1. ## Domain.

Can someone please show me how to work out the domain for this function?

$\frac{2}{3} \sqrt{36-p^2}$

I know the answer is 0 < x < 4
But just can't worked out how they got to that.

Any help is appreciated!

2. Originally Posted by el123
Can someone please show me how to work out the domain for this function?

$\frac{2}{3} \sqrt{36-p^2}$

I know the answer is 0 < x < 4
But just can't worked out how they got to that.

Any help is appreciated!
The domain for this function comes from the square root expression involved. If the function is a real function, then the argument of a square root can never be negative.

So what you are searching for, really, is the values of p for which $36 - p^2 \geq 0$.

You can find these values by solving that inequality.

You have your answer wrong though. The domain is $-6 \leq p \leq 6$

3. Do you mean 0 < p < 4? (there isn't an x in the term)

I would think the answer is $|p| <= 6$.

I am assuming the question only wants real numbers? If that is so, then you cannot have a negative number in the radical. So 36 minus any number less than 36 (which will always be positive because of the square) is fine, and 36-36 is fine too, since you can have a square root of zero. But 36 - 37 would be bad, since that would be the square root of a negative number, which is nonreal.
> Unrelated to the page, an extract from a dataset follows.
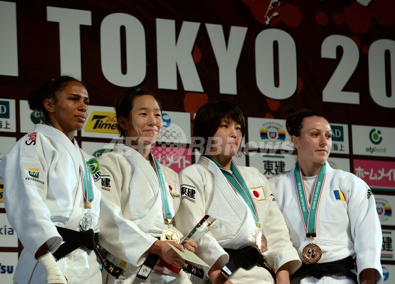 女子57キロ級では、米国のマルティ・マロイ(Marti Malloy)との決勝で一本を奪った宇高菜絵(Nae Udaka)が優勝した。(c)AFP
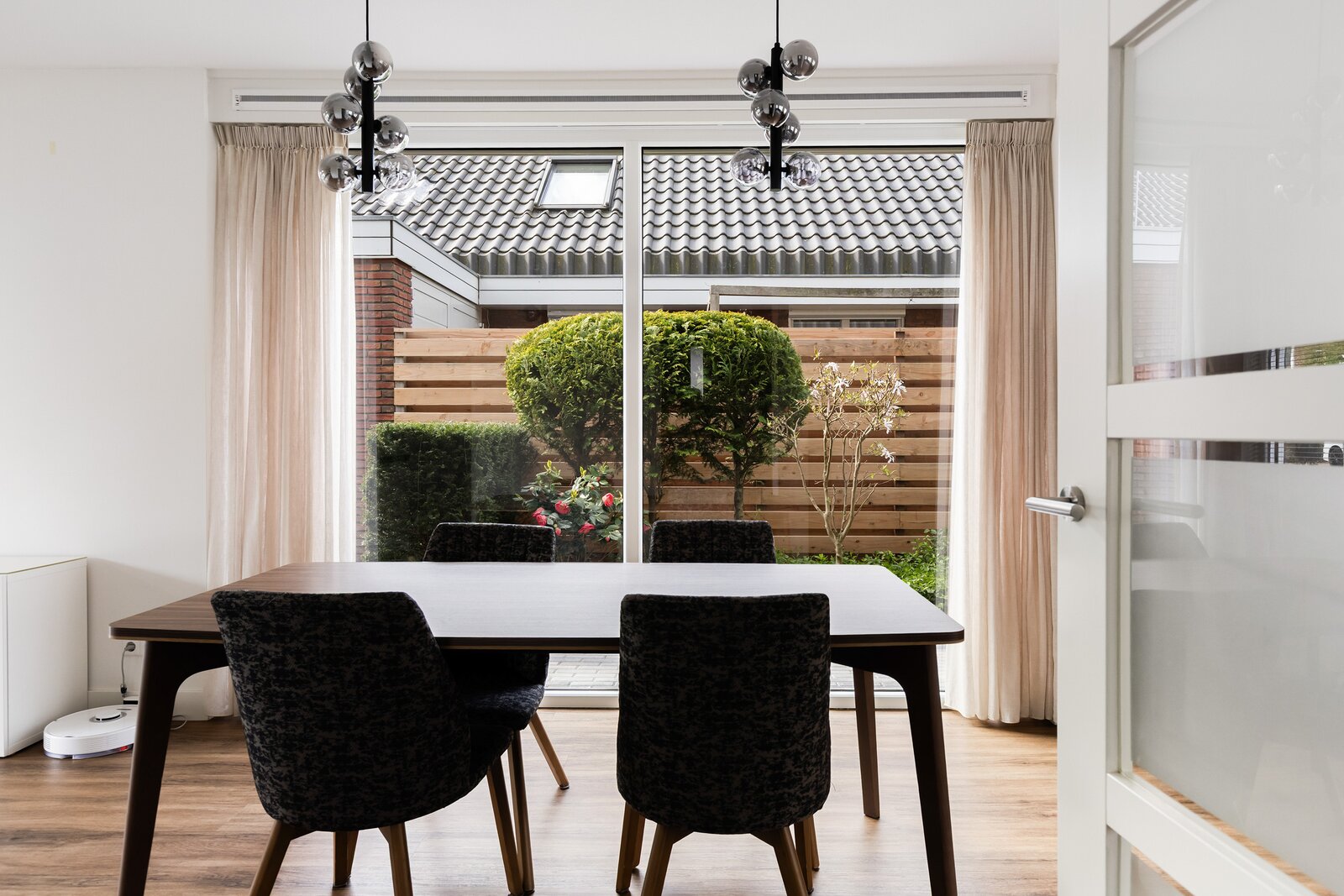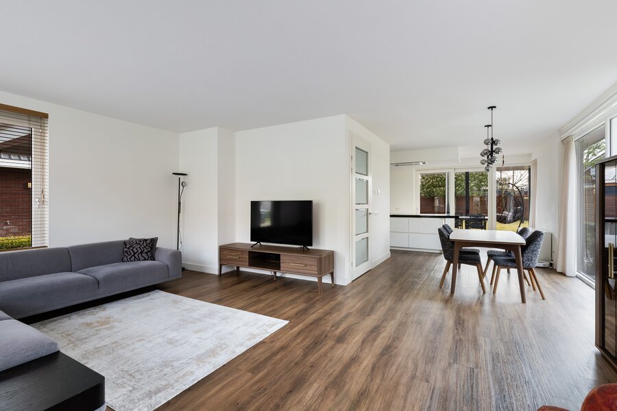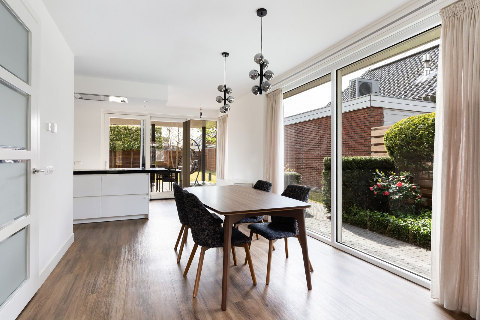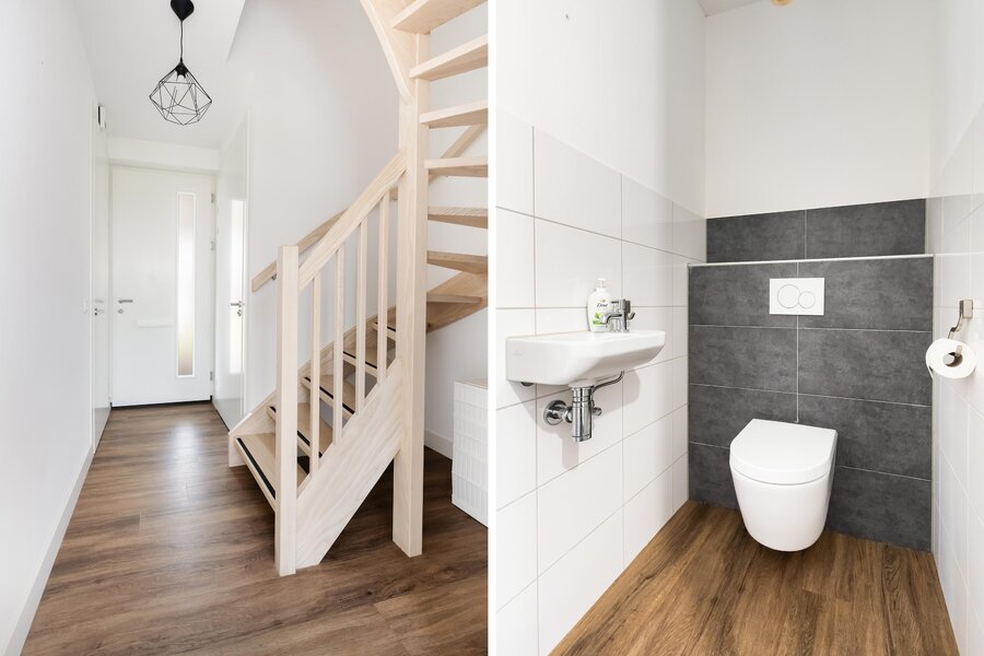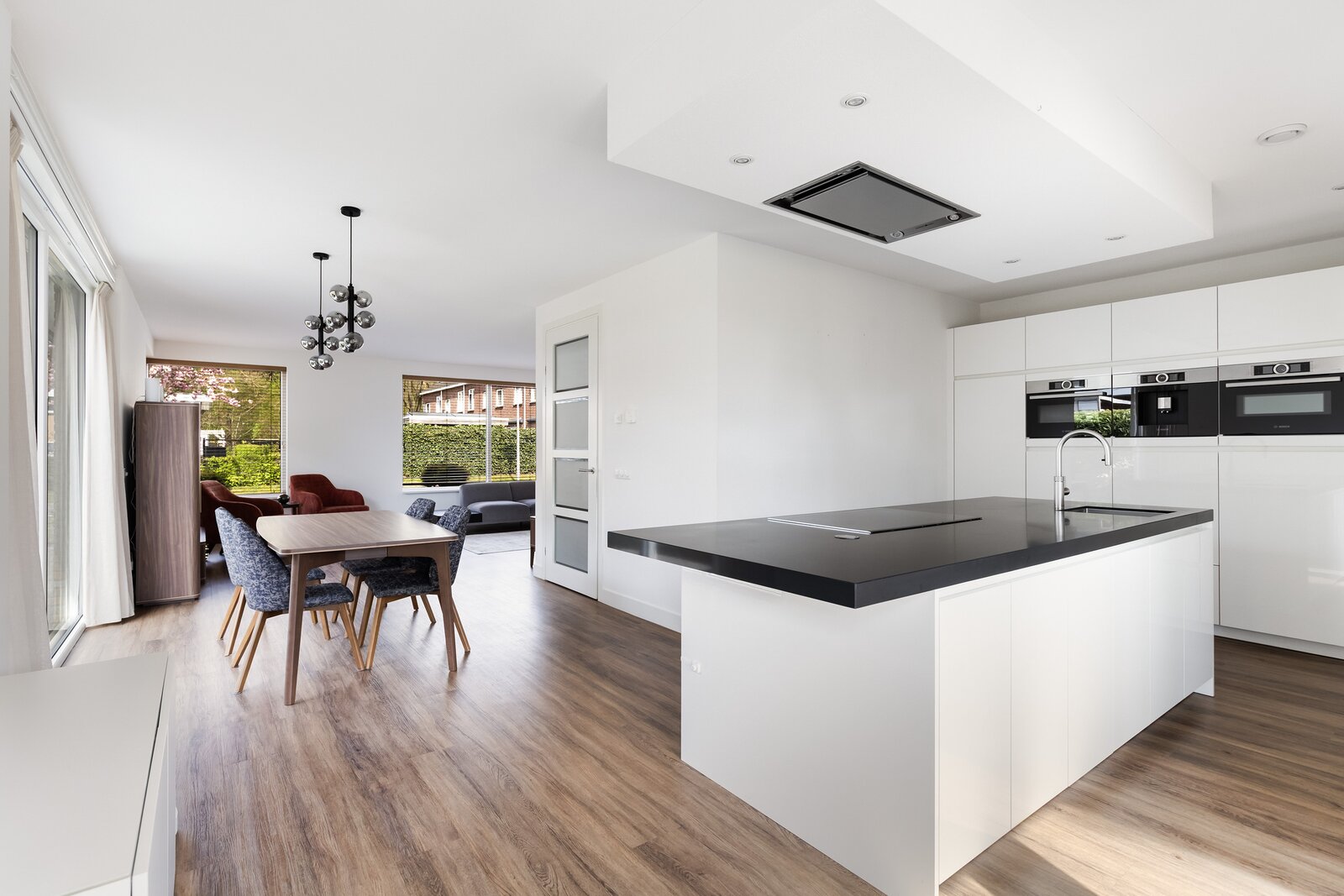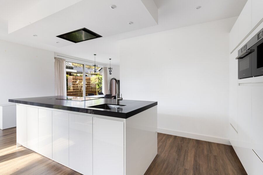 U betreedt de woning in de ruime hal met een moderne toiletruimte. De gehele begane grond is voorzien van comfortabele vloerverwarming. De woonkamer is licht en ruimtelijk en staat in open verbinding met het hart van het huis: de luxe leefkeuken. Deze moderne keuken (2017) is uitgerust met hoogwaardige inbouwapparatuur en een groot kookeiland, de perfecte plek voor gezellige avonden met vrienden en familie. Via de grote schuifpui loopt u zo de zonnige achtertuin in. De praktische bijkeuken biedt ruimte voor uw wasmachine en droger. Vanuit hier is er ook toegang tot de volledig geïsoleerde garage.

4. and i keep coming up with 0<x<6 but its not the correct answer.

5. Im using an old exam answer sheet. It says the domain is 0<x<4.

I get why it can't be negative. But this answer sheet says thats what the answer is.

6. The answer sheet is wrong. You can simply use a calculator to confirm. Try x = 4, x=5, x=6 and x = 7. If the answer sheet is right, you should get an error for 5, 6, 7. But if you and I are correct, then you should only get an error for 7.

7. Originally Posted by el123
and i keep coming up with 0<x<6 but its not the correct answer.
The correct method and answer was given in post #2. From the subsequent replies it appears no-one read it.